The contention of the bank that it was a gratuitous bailee is without merit. In the first place, it is absolutely contrary to what the bank did. It did not take it up as a separate account but it transferred the credit to plaintiff’s current account as a depositor of that bank. Furthermore, banks are not gratuitous bailees of the funds deposited with them by their customers. Banks are run for gain, and they solicit deposits in order that they can use the money for that very purpose. In this case the action was neither gratuitous nor was it a bailment.

On the other hand, we cannot agree with the theory of plaintiff that the Bank of the Philippine Islands was an intermeddling bank. In the many cases cited by plaintiff where the bank that cashed the forged endorsement was held as an intermeddler, in none was the claimant a regular depositor of the bank, nor in any of the cases cited, was the endorsement for deposit only. It is therefore clear that the relation of plaintiff with the Bank of the Philippine Islands in regard to this item of P201,000 was that of depositor and banker, creditor and debtor.

We now come to consider the legal effect of payment by the bank of the Dolores of the sum of P200,001, on two checks on which the name of Baldwin was forged as drawer. As above stated, the fact that these signatures were forged is beyond question. It is an elementary principle both of banking and of the Negotiable Instruments Law that —

"A bank is bound to know the signatures of its customers; and if it pays a forged check, it must be considered as making the payment out of its own funds, and cannot ordinarily charge the amount so paid to the account of the depositor whose name was forged." (7 C. J., 683.)

There is no act of the plaintiff that led the Bank of the Philippine Islands astray. If it was in fact lulled into a false sense of security, it was by the effrontery of Dolores, the messenger to whom it entrusted this large sum of money.

The bank paid out its money because it relied upon the genuineness of the purported signatures of Baldwin. These, they never questioned at the time its employees should have used care. In fact, even today the bank represents that it has a belief that they are genuine signatures.

The signatures to the checks being forged, under section 23 of the Negotiable Instruments Law they are not a charge against plaintiff nor are the checks of any value to the defendant.

It must therefore be held that the proximate cause of loss was due to the negligence of the Bank of the Philippine Islands in honoring and cashing the two forged checks.

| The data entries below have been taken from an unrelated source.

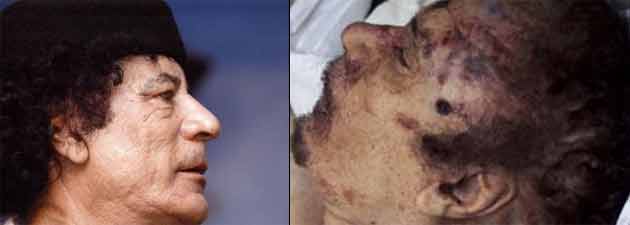 Selon ces mêmes sources l’Otan a inondé la toile de fausses nouvelles, l’homme capturé avait une couleur de cheveux claire alors que le cadavre présenté à l’hôpital avait les cheveux noirs, que le nez ne soit pas le même et le jour de la capture il pleuvait sur Syrte alors que sur les vidéos le temps était sec. Aussi Gaddafi avait fait une opération sur le ventre, mais le cadavre présenté ne pressentait aucune séquelle.
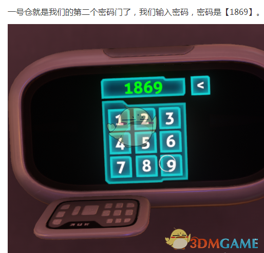 扫完海虾号后,移动开左边的路障,进入宿舍区。然后自己搜刮,这里就不细说了。会遇到第二个跟第三个密码门,第二个密码门是【1号仓】,找到后输入密码,密码是【1869】。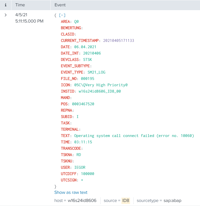 The event will look like this in Splunk:

The judgment absolving the Bank of the Philippine Islands must therefore be reversed, and a judgment entered in favor of plaintiff- appellant and against the Bank of the Philippine Islands, defendant- appellee, for the sum of P200,001, with legal interest thereon from December 23, 1928, until payment, together with costs in both instances. So ordered.

Malcolm, Villa-Real, Vickers, and Imperial, JJ., concur.